WHAT TO PRODUCE: Write out the data word for word and drop any picture you find.

SUPPLIED DATA:
== Segment start ==

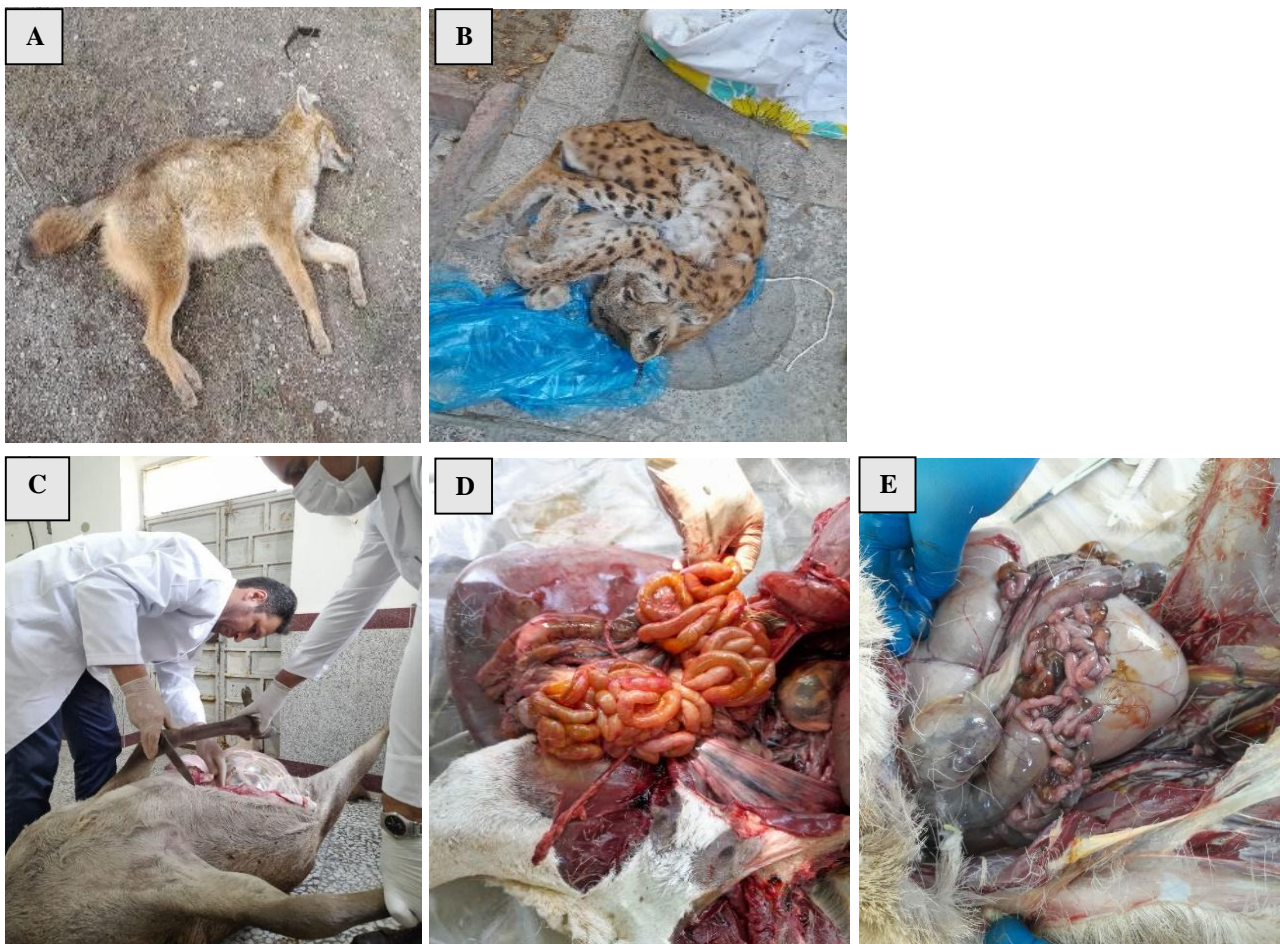
Fig. 1. A: A common fox that died in a road accident. B: Losses of Eurasian lynx due to conflict. C, D, and E: Mesenteric lymph nodes and liver tissue were collected from intermediate hosts.

the investigation and observation of these parasites. In addition, this approach facilitates the visualization of both the right and left nasal cavities and allows the detection of any lingual parasites. For better diagnosis, the samples were referred to the laboratory and they were washed with a gentle stream of water and a 300 sieve. For herbivores, the liver and mesenteric lymph nodes were harvested postmortem and subsequently immersed in lukewarm water following a transverse incision. The lukewarm water relaxes the parasite and the use of a revision loop increases readability while preserving the essential details of the original text (Figures 1 and 2).
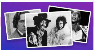
Musical Styles Connect Us
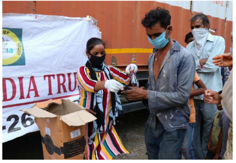
Feed a maximum number of people, Serve mankind.

== Segment end ==

SOLUTION:
Fig. 1. A: A common fox that died in a road accident. B: Losses of Eurasian lynx due to conflict. C, D, and E: Mesenteric lymph nodes and liver tissue were collected from intermediate hosts.

the investigation and observation of these parasites. In addition, this approach facilitates the visualization of both the right and left nasal cavities and allows the detection of any lingual parasites. For better diagnosis, the samples were referred to the laboratory and they were washed with a gentle stream of water and a 300 sieve. For herbivores, the liver and mesenteric lymph nodes were harvested postmortem and subsequently immersed in lukewarm water following a transverse incision. The lukewarm water relaxes the parasite and the use of a revision loop increases readability while preserving the essential details of the original text (Figures 1 and 2).
Musical Styles Connect Us
Feed a maximum number of people, Serve mankind.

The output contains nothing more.